Competition Elements:
- Leaderboard: Real-time ranking
- Metrics: Accuracy, speed, model size
- Constraints: Max 10MB model, <100ms inference
- Tasks: CIFAR-10, MNIST, TinyGPT generation
Systems Concepts:
- KV-cache memory management
- Batch size vs latency tradeoffs
- Optimization stacking
- Production deployment considerations
🏆 GRAND FINALE:
- Students submit optimized models
- Automatic evaluation on hidden test set
- Leaderboard shows:
- Accuracy scores
- Inference time
- Model size
- Memory usage
- Winners announced for:
- Best accuracy
- Fastest inference
- Smallest model
- Best accuracy/size ratio
🎯 Why This Structure Works
Progressive Unlocking
- Modules 1-5: Build foundation → Unlock inference (immediate gratification)
- Modules 6-10: Add training → Unlock CNN training (real achievement)
- Modules 11-14: Add language → Unlock TinyGPT (wow factor)
- Modules 15-17: Optimize everything → Competition (epic finale)
Universal Optimizations (Modules 15-17)
- Not architecture-specific
- Work on MLPs, CNNs, and Transformers
- Real production techniques
- Measurable improvements
Competition as Culmination
- Uses EVERYTHING students built
- Competitive element drives engagement
- Multiple winning categories (not just accuracy)
- Shows real ML engineering tradeoffs
- Students optimize their own code!
High Note Ending
- Module 15: "Make it fast!" (kernels)
- Module 16: "Make it small!" (compression)
- Module 17: "Make it production-ready!" (competition)
- Final message: "You built a complete ML framework and optimized it for production!"
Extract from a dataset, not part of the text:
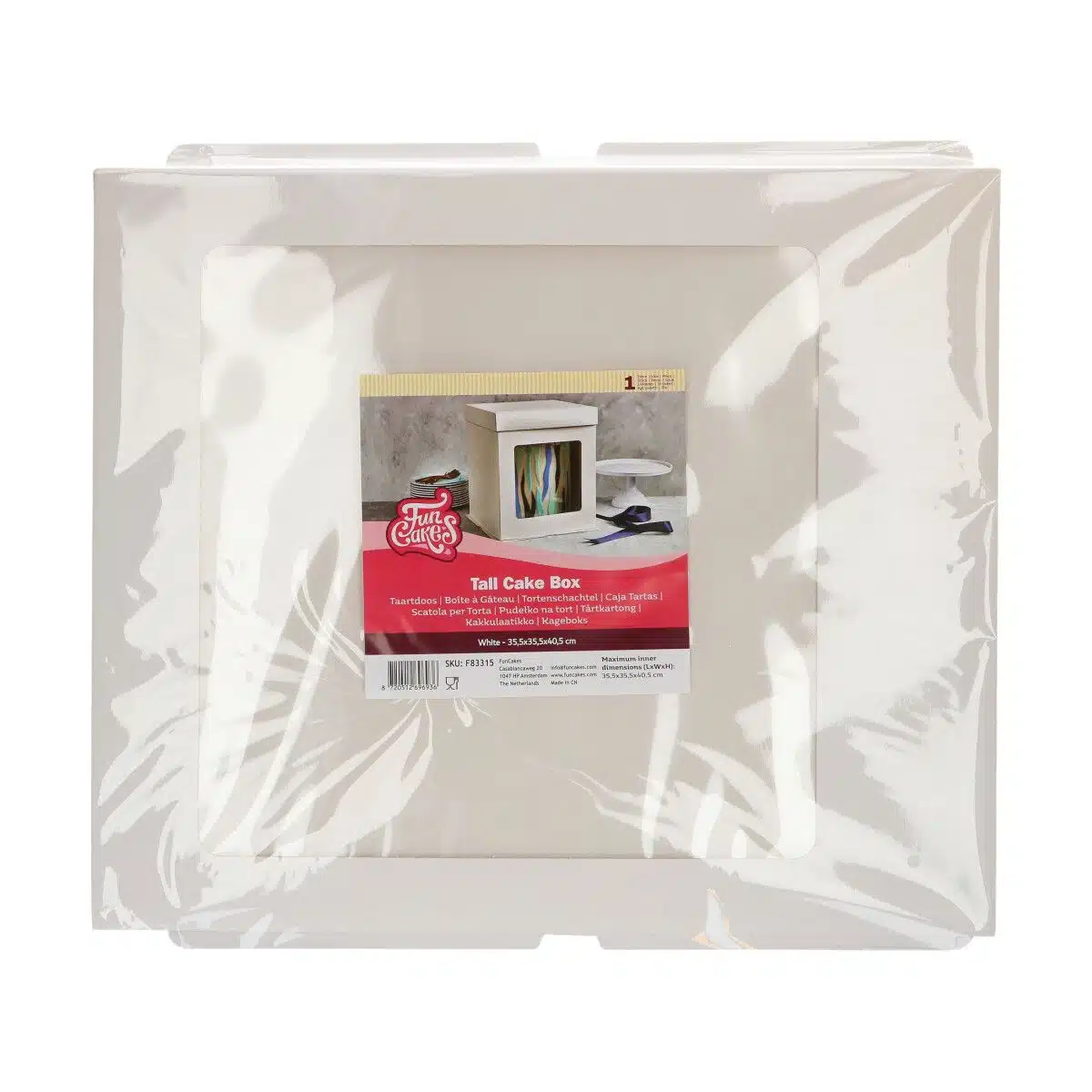 Deze extra grote stevig taartdoos van FunCakes is ideaal voor het vervoeren van grote gedecoreerde taarten, zoals bruidstaarten. Deze taartdoos is gemakkelijk in elkaar te vouwen, omdat deze voorzien is van klittenband. Daarnaast heeft deze doos een losse bodem en een losse deksel, dit maakt het plaatsen van een taart in de doos gemakkelijk.
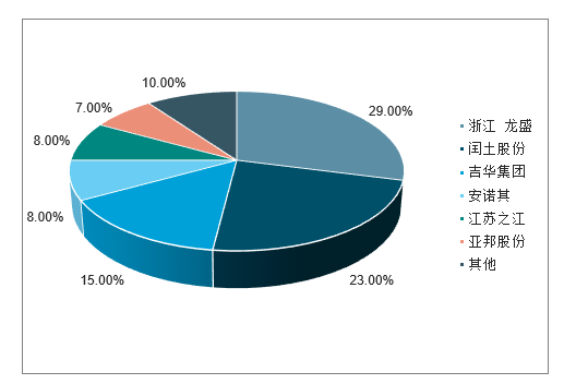較高的行業(yè)集中度帶來較強的議價能力,龍頭企業(yè)更容易達成默契共同推動染料價格上漲。同時規(guī)模效益,以及市場定價權的提升都將使得行業(yè)內(nèi)規(guī)模較大的企業(yè)獲得更高的經(jīng)濟效益,加速行業(yè)分化,進一步提升行業(yè)的集中度。從行業(yè)內(nèi)主要的上市企業(yè)來看。2018年,我國染料浙江龍盛年銷售收入達到了190.75億元,位居第一,,閏土股份、海翔藥業(yè)和安諾其銷售收入則分別為64.21億元、27.19元和11.60億元,四家企業(yè)銷售收入占據(jù)了整個行業(yè)的36%,預計未來這一格局將不斷持續(xù)。

📊 Module Complexity Progression
Complexity: ▁▂▃▄▄▅▅▆▆▇▇███████
Modules: 1 2 3 4 5 6 7 8 9 10 11 12 13 14 15 16 17
└─Found.─┘└Training┘└─Language─┘└Systems┘
Unlocks: ↑ ↑ ↑ ↑
Inference CNN TinyGPT Competition
🏁 Student Journey Summary
Week 1-2: Foundation (Modules 1-5)
- "I built tensors and layers!"
- "I can run pretrained models!"
Week 3-4: Training (Modules 6-10)
- "I built autograd from scratch!"
- "I trained a CNN to 75% accuracy!"
Week 5-6: Language (Modules 11-14)
- "I built attention mechanisms!"
- "I have a working GPT!"
Week 7: Systems (Modules 15-17)
- "I optimized everything!"
- "I'm on the leaderboard!"
- "I built a complete, optimized ML framework!"
Final Achievement: "I didn't just learn ML algorithms - I built the entire infrastructure, optimized it for production, and competed against my peers. I understand ML systems engineering!"